(Source data)
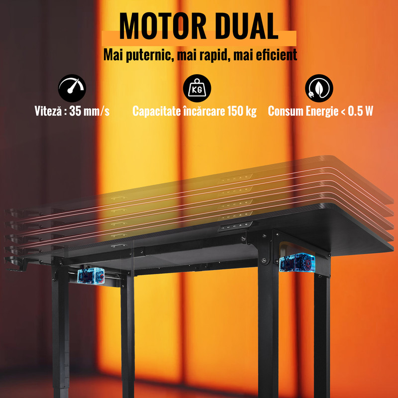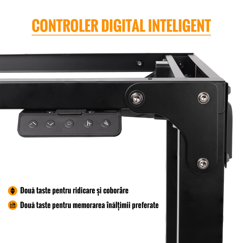 Te ajuta sa setezi rapid si simplu inaltimea biroului, are de asemeni 2 functii de memorare pentru a-ti salva inaltimea preferata.
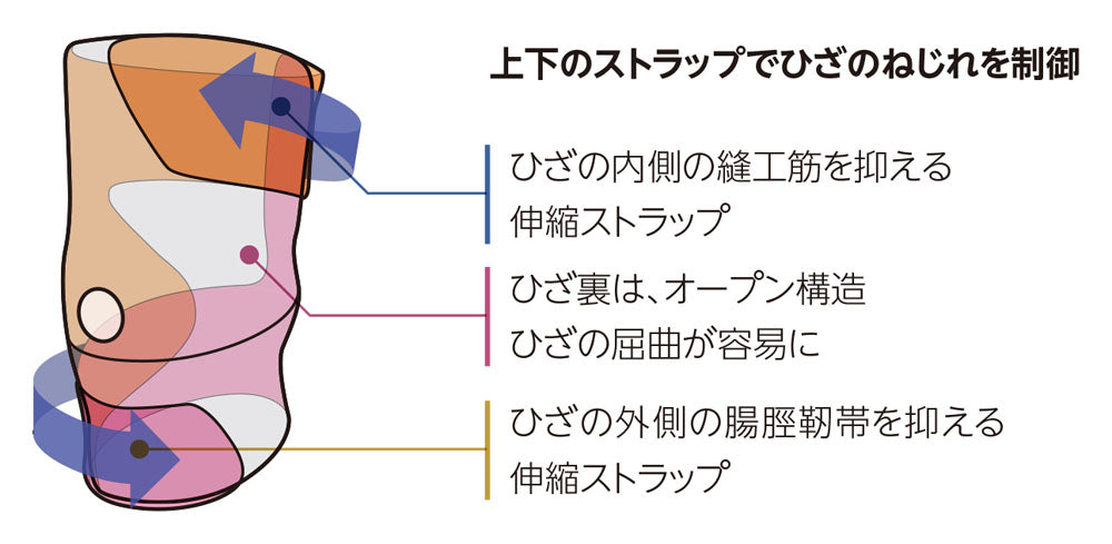 伸縮ストラップがひざの内側の縫工筋と、ひざの外側の腸脛靭帯を抑えます。ひざ裏はオープン構造で、ひざの屈曲が容易に。
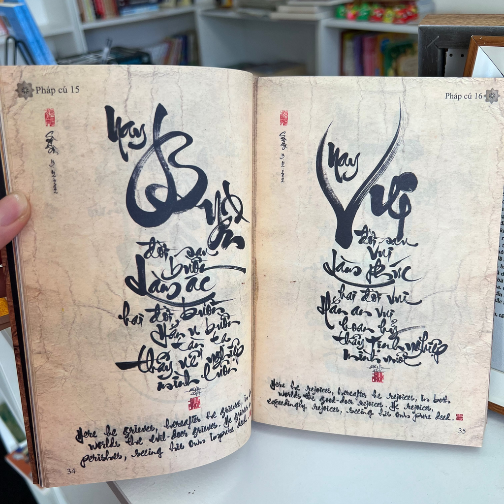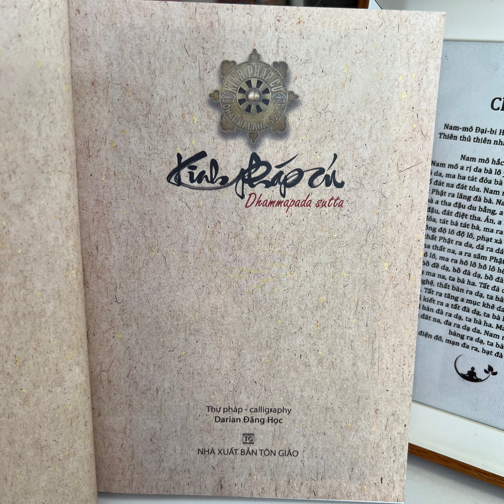 Quyển Kinh Pháp Cú mà Đăng Học thực hiện là dựa vào bản chuyển thể thơ kệ của thầy giáo Tịnh Minh (Đặng Ngọc,Chức). Toàn bô 26 phẩm ỵới 423 bài kệ tiếng Việt và đã chuyện ngữ sang tiếng Anh. Gần năm trăm trang sách được thể hiện trang trọng tỉ mỉ, những hình ảnh minh họa mang chiều sâu triết lý, với bìa sách được điêu khắc công phu miêu tả bốn giai đoạn cuộc đời Đức Phật. Mở từng trang sách ta sẽ thấy những lời vàng của Đức Phật được thể hiện bằng cả niềm tôn kính qua ngọn bút điêu luyện và công phu. Nhờ vậy nên từng con chữ trong 423 bài kệ bỗng dưng có sức sống, lay động tâm hồn ngươi xem.
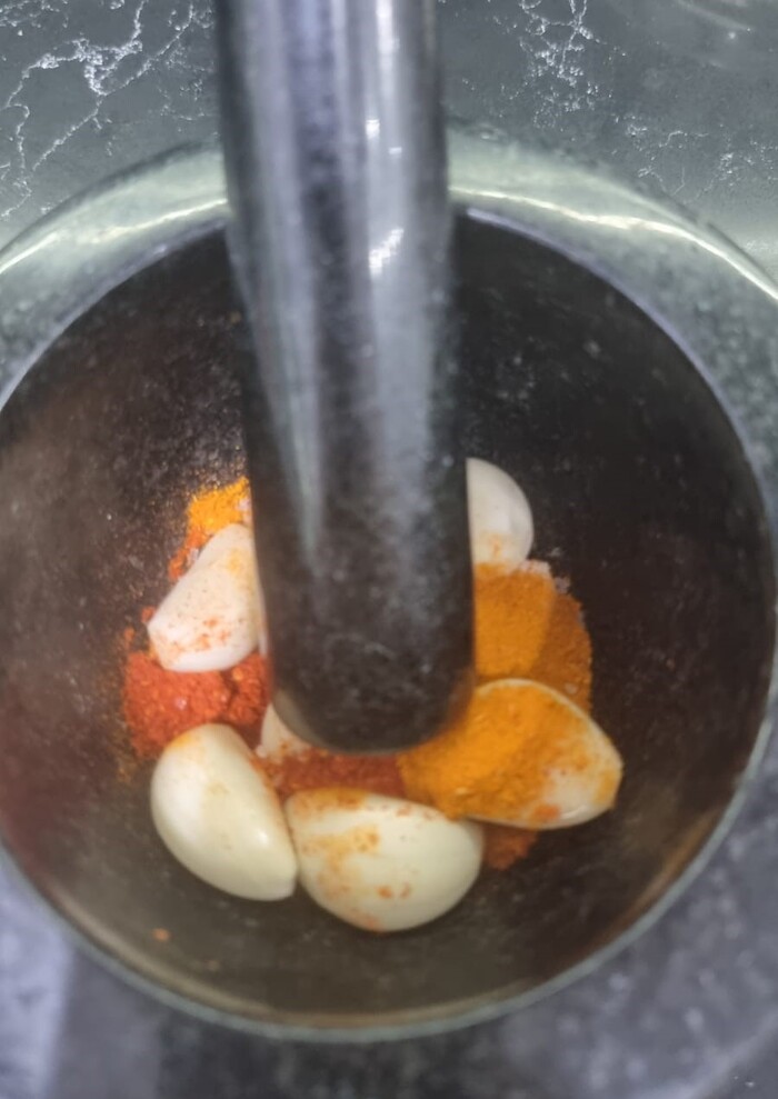 По совету Зураба кладём чайную ложку соли, чеснок, пол чайной ложки перца и чайную ложку имеретинского шафрана в ступку и толчём. Изрядно намучившись я вам так делать не советую. Чеснок выдавите чеснокодавкой, а потом растолките в ступке! Геморроя в разы меньше, а результат тот же. Чесночная паста.
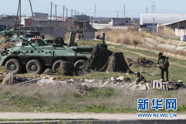 3月23日在克里米亚首府辛菲罗波尔以东100多公里的黑海之滨费奥多西亚拍摄的乌克兰海军陆战队兵营。这是俄军在军营外。 新华网记者鲁金博摄
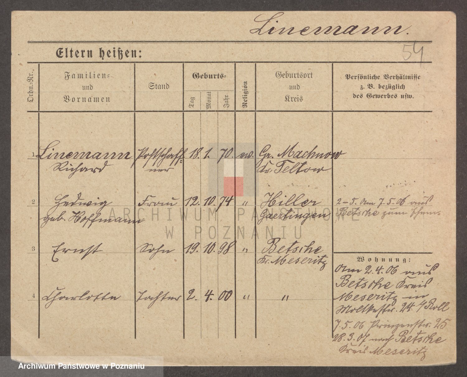 Linnebach z.d. Rieselmann, Marie Sophie
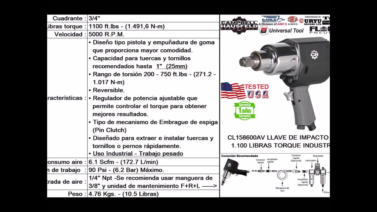Llave de Impacto CAMPBELL HAUSFELD CL158600AV 3/4 pulg
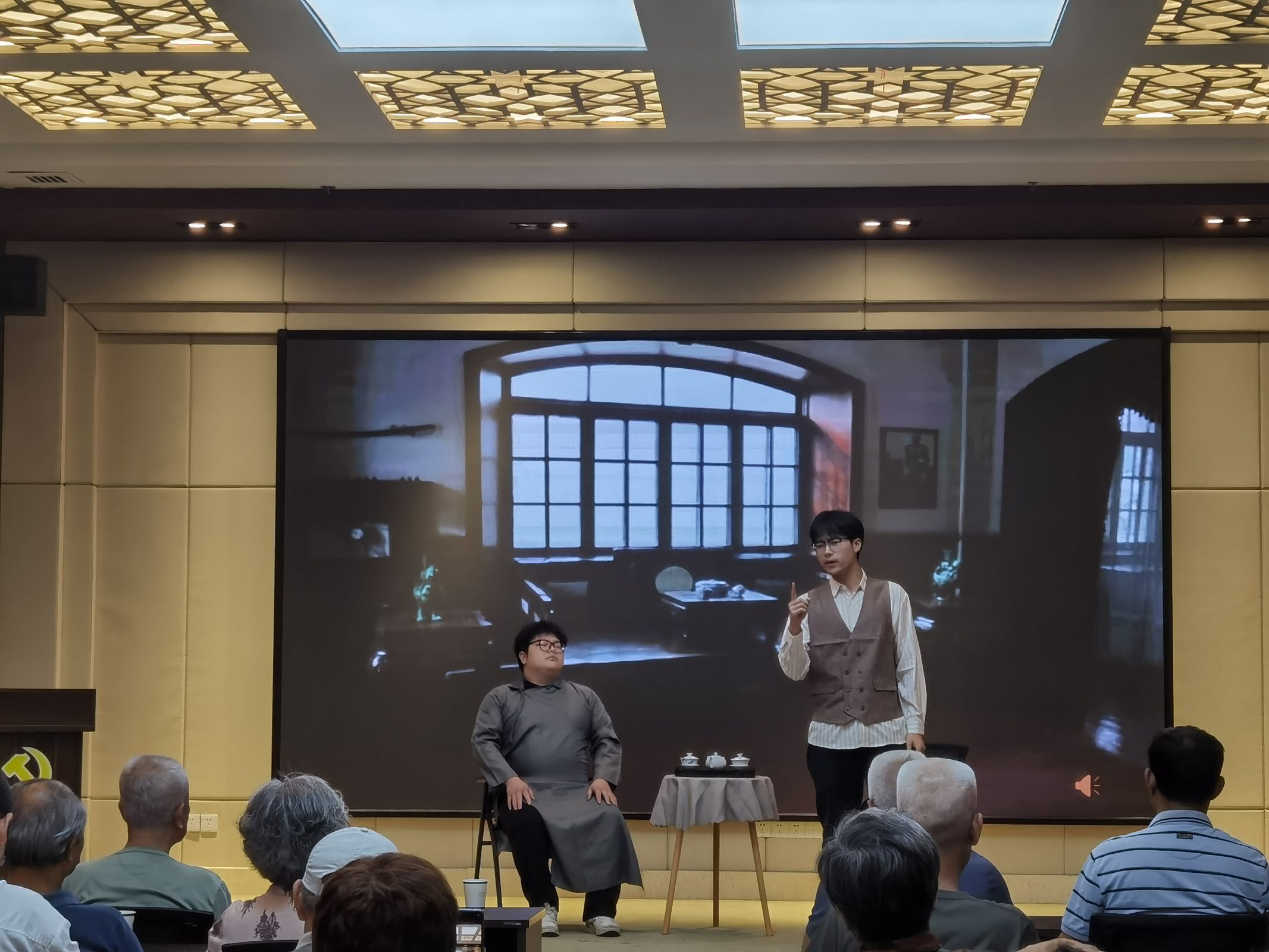 第三项,由​bevictor1946韦德官网带来的红色情景剧。片段选择的是1921年中共一大会议召开的历史事件,机电工程员工党员们生动再现了中共一大代表从上海法租界望志路106号转移到嘉兴南湖红船上开会的情景。情景剧中的共产党人,面对苦难,坚贞不屈,奋起抗争,以百折不挠的精神,谱写了一曲曲可歌可泣的宏大史诗,体现出一腔热血的共产党人的“忠魂”。当看见中共一大的会议因为法租界巡捕房的捣乱而被迫中断,有几位老同志攒起了拳头。情景剧表演结束后,一位老同志紧紧握着公司员工的手,真切地说:“我是经历了战乱的,那时候还小,也不知道什么,但是我们是确确实实饿过肚子的,也是确确实实过过苦日子的。孩子,你们的幸福来之不易,要好好长大,保家卫国。”

EXERCISE INSTRUCTIONS: Return, exactly as they appear, the lines from the line containing "3月23日在克里米亚首府辛菲" through the end of the records above, both ends included, without pictures.

ANSWER SECTION:
 3月23日在克里米亚首府辛菲罗波尔以东100多公里的黑海之滨费奥多西亚拍摄的乌克兰海军陆战队兵营。这是俄军在军营外。 新华网记者鲁金博摄
 Linnebach z.d. Rieselmann, Marie Sophie
Llave de Impacto CAMPBELL HAUSFELD CL158600AV 3/4 pulg
 第三项,由​bevictor1946韦德官网带来的红色情景剧。片段选择的是1921年中共一大会议召开的历史事件,机电工程员工党员们生动再现了中共一大代表从上海法租界望志路106号转移到嘉兴南湖红船上开会的情景。情景剧中的共产党人,面对苦难,坚贞不屈,奋起抗争,以百折不挠的精神,谱写了一曲曲可歌可泣的宏大史诗,体现出一腔热血的共产党人的“忠魂”。当看见中共一大的会议因为法租界巡捕房的捣乱而被迫中断,有几位老同志攒起了拳头。情景剧表演结束后,一位老同志紧紧握着公司员工的手,真切地说:“我是经历了战乱的,那时候还小,也不知道什么,但是我们是确确实实饿过肚子的,也是确确实实过过苦日子的。孩子,你们的幸福来之不易,要好好长大,保家卫国。”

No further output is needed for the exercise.